- Court: United States Court of Appeals for the Ninth Circuit
- Decided: January 7, 1884

Court membership
- Judge sitting: Lorenzo Sawyer

Keywords
- California, Gold Rush, Mining

= Woodruff v. North Bloomfield Gravel Mining Company =

The case of Woodruff v. North Bloomfield Gravel Mining Company was a lawsuit brought to California courts in 1882 where a group of local farmers sued North Bloomfield Mining and Gravel Company over damages caused to farmland in the Central Valley. The farmers who brought the suit claimed that the company's hydraulic mining operations (which were used to mine gold in the years following the California Gold Rush) resulted in the disposal of excess sediment, debris, and chemicals in local rivers. Prosecutors argued that the debris raised river beds and restricted flow in the rivers leading to heavy man-made flooding. In the years prior, flooding of debris and chemicals had destroyed a large portion of the valley's agriculture.
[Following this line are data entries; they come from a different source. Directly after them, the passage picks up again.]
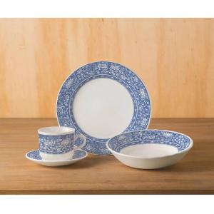 Vajilla Corona Blue Lace 4 Puestos 16 Pieza Material: Loza 4 plato pando 4 plato hondo 4 plato te 4 pocillo te Apto para microondas y lavavajilla. Aprobado para el uso en contacto con alimentos. Cumple con la norma de plomo y cadmio. Se garantiza que el esmalte no va a generar agrietamiento por cualquier cantidad de lavado con detergentes. Resistencia de la decoración a los detergentes.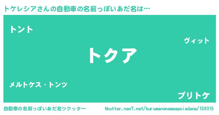 | 欧米人風あだ名 | 『トケレシアクリステル』 |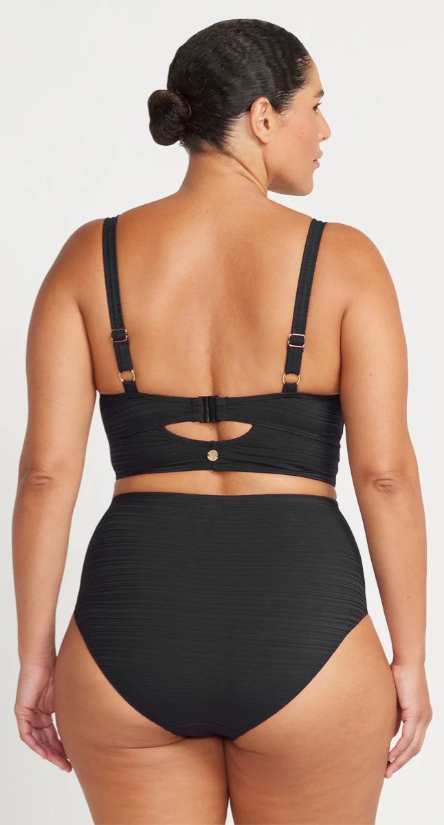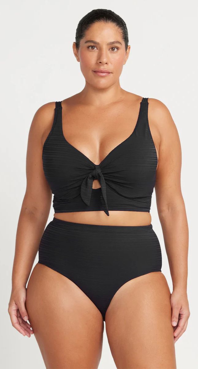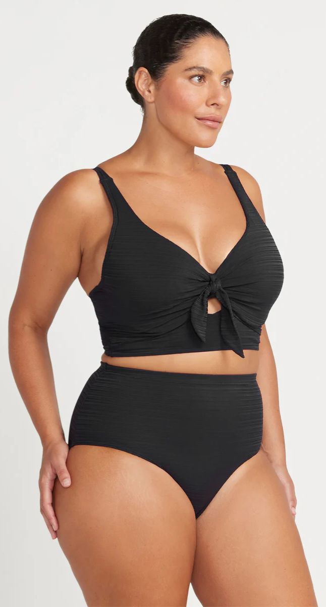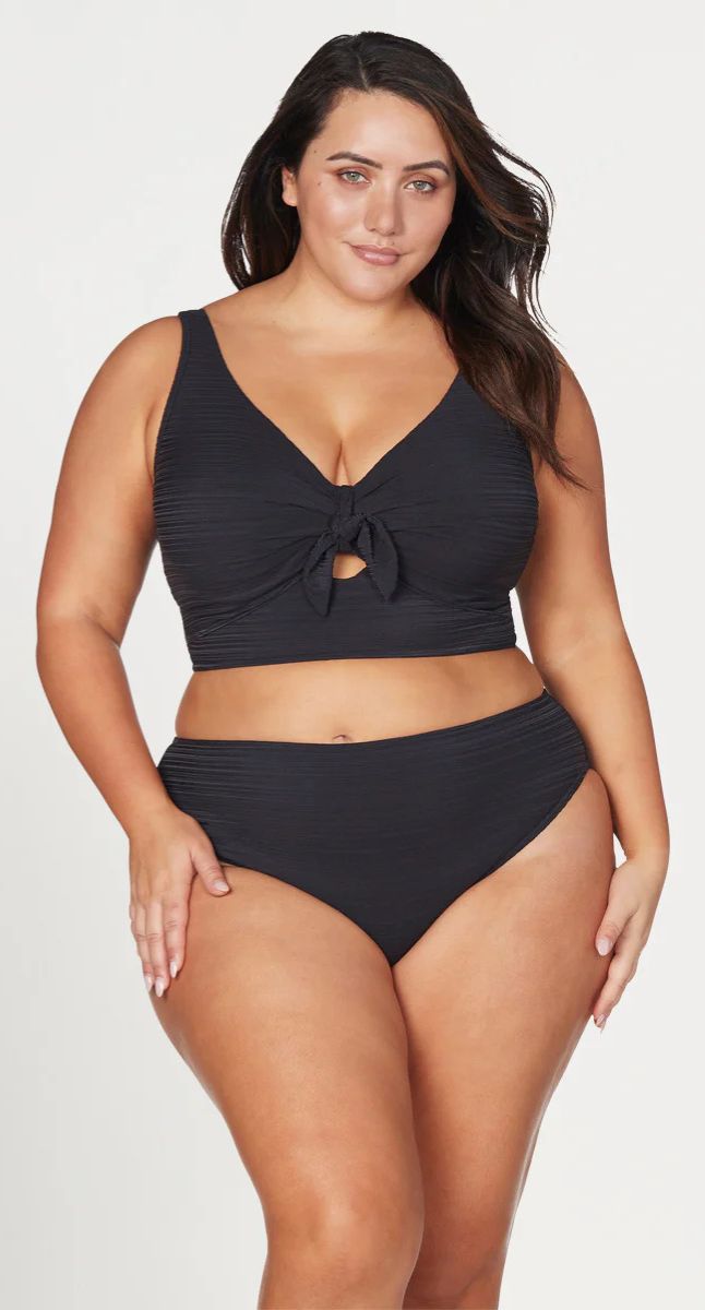 The Aria Cezanne Bikini Top is designed to celebrate and enhance your natural curves. Featuring a supportive underwire and full foam cups, it shapes and lifts from D to E cup sizes for a flattering fit. The mock knot tie and unique peep hole detail create an elegant hourglass illusion, highlighting your figure beautifully. Pair it with our curve-fit swim pants for a confident, comfortable look that embraces your shape with style and support.

After two years of deliberation, the judge presiding over the case, Lorenzo Sawyer, ultimately ruled in favor of the farmers. Based on testimony and evidence reviewed, Sawyer decided that mining debris posed dangers to private land, particularly private lands in the agricultural sector. Ultimately, Sawyer's decision limited hydraulic mining operations in California and was considered to be the first major environmental law in California. The site of North Bloomfield Mining and Gravel Company's largest mine, Malakoff Diggins, is now a California State Historic Park located near Nevada City, California.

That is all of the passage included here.